Europe medical device QA/RA blog

News and commentary on regulatory changes.

Italy registration deadline extended; recast of WEEE/RoHS; adverse event reporting possible changes

Medical devices sold in Italy were required to be registered in the Italian Ministry of Health database by December 31, 2008. However, the Italian MOH just announced that this deadline has been extended to April 30, 2009. Again, registration only applies to companies currently selling their products in Italy.

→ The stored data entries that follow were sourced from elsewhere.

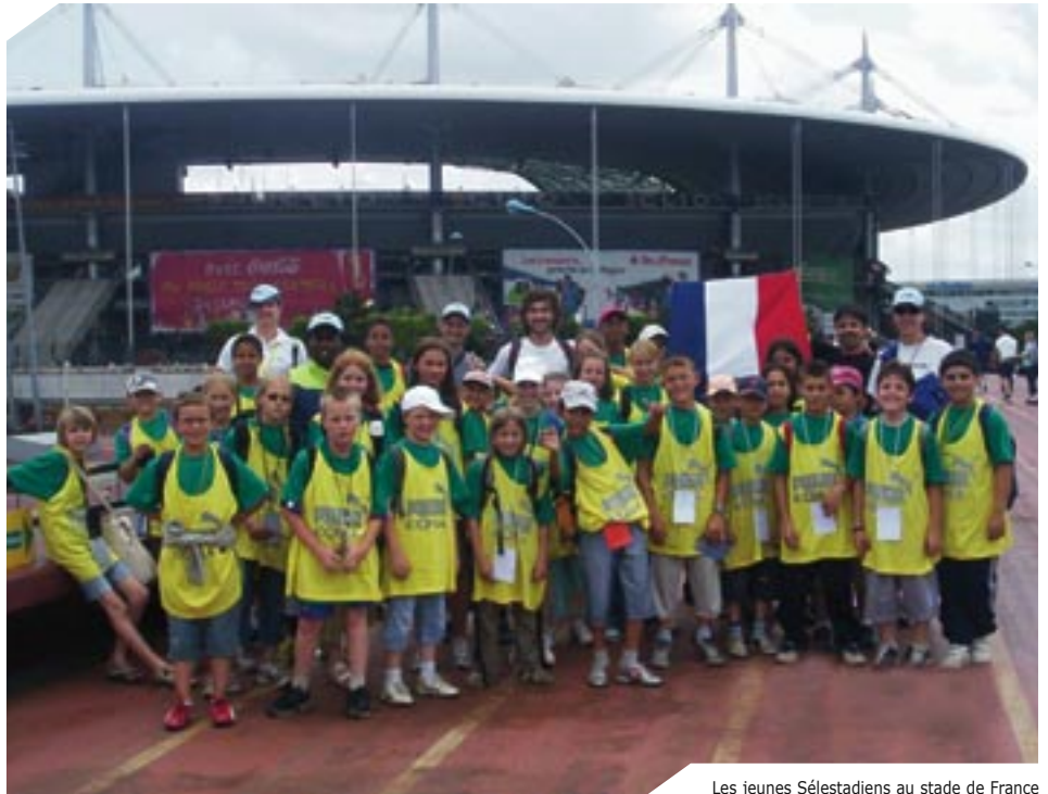
Les jeunes Sélestadiens au stade de France à l'occasion du meeting d'athlétisme Gaz de France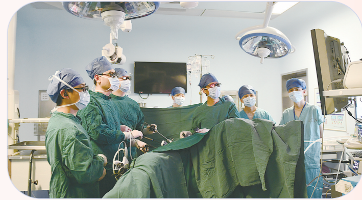
株洲市中心医院第一党支部的专家正在进行公开手术直播演示。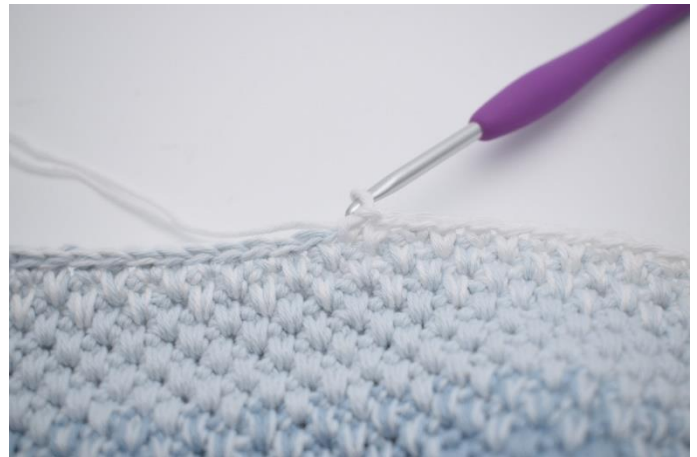
4. Abwechselnd 1 fM und 1 tfM in die nächsten 33 M häkeln. (1 fM in die letzte M häkeln.)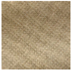
L4152_POINT_ DE_TOURS_B4 0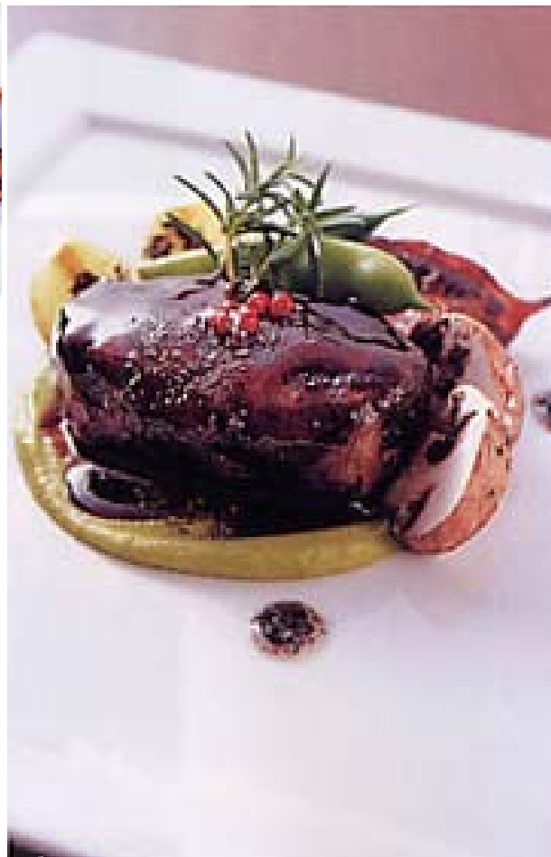
一番手前の写真はコースの野菜料理より、野菜いっぱいの蕪蒸し、菊菜あん掛け。冬は根菜類を中心に野菜が美味しい季節。旬の野菜をふんだんに使いあっさり仕上げた蕪蒸しに。

Commission proposes revisions to electrical and electronic equipment recycling and use of hazardous substances

The European Commission proposed a recast of the Directive on Waste Electrical and Electronic Equipment (WEEE) 2002/96/EC and the Directive on the Restriction of the Use of Hazardous Substances in Electrical and Electronic Equipment (RoHS) 2002/95/EC. According to the Press Release (IP/08/1878), the two main objectives of the revision are to improve implementation and enforcement of laws on electrical and electronic equipment and diminish unnecessary administrative burdens.

In the past four years, only one third of electrical and electronic waste was compliant to the directives while legislation has been costly and difficult to implement and enforce. The new WEEE Directive would harmonize producers' registration and reporting obligations as well as develop interoperable national registers. The new RoHS Directive would include medical devices and monitoring and control instruments. The text of the proposed revisions are available online:

Extensive impact assessment documents are also available:

Commission promotes patient safety, including prevention and control of healthcare associated infections (HCAI).

In its press release (IP/08/1973), the European Commission announced its comprehensive approach to improve patient safety with a Communication (COM(2008)836) and a Council Recommendation (COM(2008)837) on patient safety, including prevention and control of HCAI.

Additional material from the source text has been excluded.